一千两百名来自法国各地的代表齐聚于此,这是自1614年以来,法国第一次召开三级会议。巨大的镜厅在晨光的照射下显得格外辉煌壮观—一十七扇拱形落地窗面向花园,对面墙上悬挂着357面镜子,反射着无数道光芒,仿佛整个房间都在闪闪发光。
水晶吊灯从天花板垂下,厅内按照传统礼仪布置着三个局域:
右侧坐着身穿黑袍的第一等级代表,左侧是穿着华丽服饰的第二等级贵族,而正中央最大的局域,则坐着衣着朴素但人数众多的第三等级代表。
当他步入会场的那一刻,所有的目光都聚焦在他身上。有好奇,有敌意,也有期待。在过去的一年里,这个年轻人的名字已经传遍了整个巴黎一从东印度公司的追查到成功运营,从显贵会议的完胜到雷维永事件的妥善处理,再加之工人议事厅和面包券制度的创立,他已经成为了改革派的像征。
莱昂在自己的座位上坐下,环顾四周,作为穿越者,有着一种和现场所有人都不一样的心态。
这里聚集了法国最有权势、最有影响力的人物,每一个都是历史的见证者,甚至是历史的创造者。
在第一等级的席位中,他再次看到了巴黎大主教德·瑞格,这个之前在和莱昂的交手中完败的六十多岁的老人,闭着眼睛坐在那里,也不和其他人交流,但脸上写满了对改革的抵触。在他身边,年轻的塔列朗主教显得格格不入一他不时地与身边的教区神父们低声交谈,神色看不出丝毫的情绪。
第二等级的席位更加引人注目。
在最前排,莱昂看到了奥尔良公爵,同样脸色阴沉,有些沉默。
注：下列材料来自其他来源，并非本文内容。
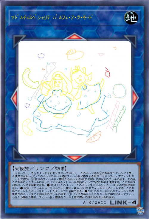 | 「マドルチェ」モンスターを含むモンスター2体以上 このカード名の②の効果は1ターンに1度しか使用できない。①:このカードのカード名はフィールドに存在する限り「マドルチェ・プディンセス」として扱う。②:自分のフィールド・墓地からカードを5枚まで選んで持ち主のデッキに戻す。その後この効果によりデッキに戻した「マドルチェ」カードの数によって下記の効果を適用する。この効果は相手ターンでも発動できる。●1枚以上:このターン、このカードはマドルチェカード以外の効果を受けない。●3枚以上:デッキから「マドルチェ」魔法・罠カードを1枚フィールド上にセットする。この効果でセットしたカードはセットしたターンでも発動できる。●5枚:このカード以外のフィールドの表側表示のカード全てを持ち主のデッキに戻す。③:リンク召喚されたこのカードが相手によってフィールドから離れた場合、フィールド・墓地のカード1枚を選んで持 | |||
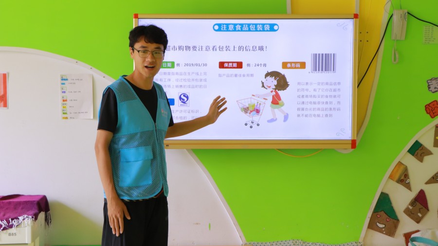 图为服务队志愿者在为世纪金园大学城幼儿园小朋友们介绍食品安全宣讲PPT的目录。杨福森摄
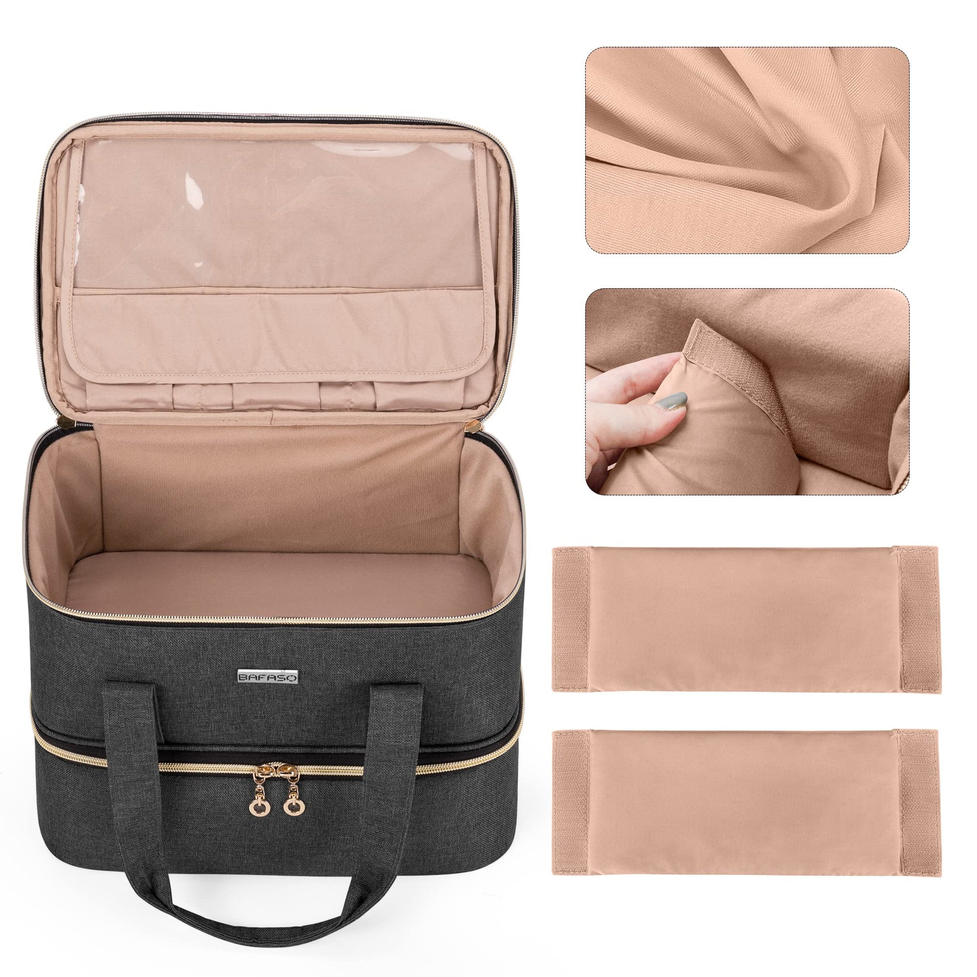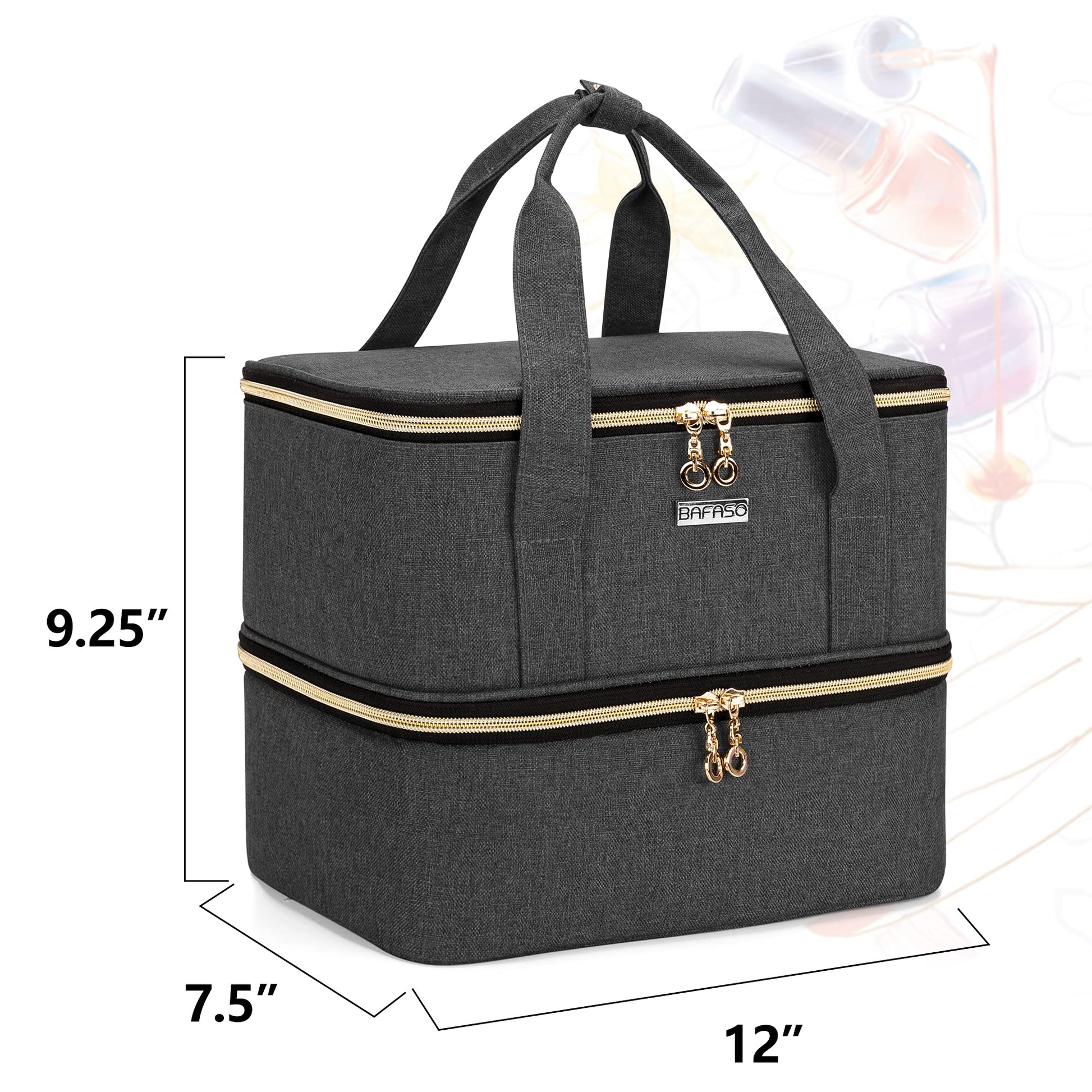 BAFASO Nail Polish Organizer Holds 40 Bottles (15ml - 0.5 fl.oz) and a UV Nail Lamp, Double Layers Nail Polish Case with Manicure Tools Storage Sections (Bag Only), Black, Patented

在他身边坐着年轻的拉法耶特侯爵,这个美国独立战争的英雄今年只有三十一岁,但已经是自由主义贵族的领袖,此时表情显得颇为喜悦。
但真正让莱昂注意的,是第三等级的那些面孔。
第三等级里面的这些面孔,很多将在接下来的几年中改变整个法兰西甚至是欧洲的命运。
在距离他不远的地方,坐着一个身材魁悟的中年男子,脸上有明显的天花疤痕,但那双眼睛却非常独特,锐利有神。
米拉波是天生的演说家,后世史学家称他为“大革命的第一雄辩家”,也是天生的政治家,在会议开始前就已经成为第三等级的非正式领袖之一。
上一世有学者认为,如果他能活得更久一些,法国大革命的进程或许会有些不同。
这个人具有罕见的政治智慧,既有贵族的见识,又有平民的愤怒,是天然的改革派领袖。
但他是机会主义者一历史上他会在1790年后秘密接受路易十六的金钱资助,试图在台面上支持改革的同时,暗中为王室提供政治建议。这种两面三刀的做法让他备受争议,死后更是被人发现了大量与王室的秘密通信。
他将在1791年英年早逝,失去了这个唯一能够在激进派和保守派之间进行有效调和的关键人物,革命也因此失去了最后的理性声音。
当然,在莱昂看来,这个所谓的理性,有时候可能并不是什么好事。
在米拉波的斜后方,坐着马克西米利安·弗朗索瓦·玛丽·伊西多尔·德·罗伯斯庇尔。
外型上来看,这一位确实是有些不起眼,但是谁也没有想到,这个人,在历史上,将在未来几年中成为法国政治舞台上最重要的人物之一。
他甚至改写了整个欧洲的历史。
说实话,虽然和自己对着于,但是在莱昂看来,至少现在的他还很纯真,还保持着对正义的简单信念。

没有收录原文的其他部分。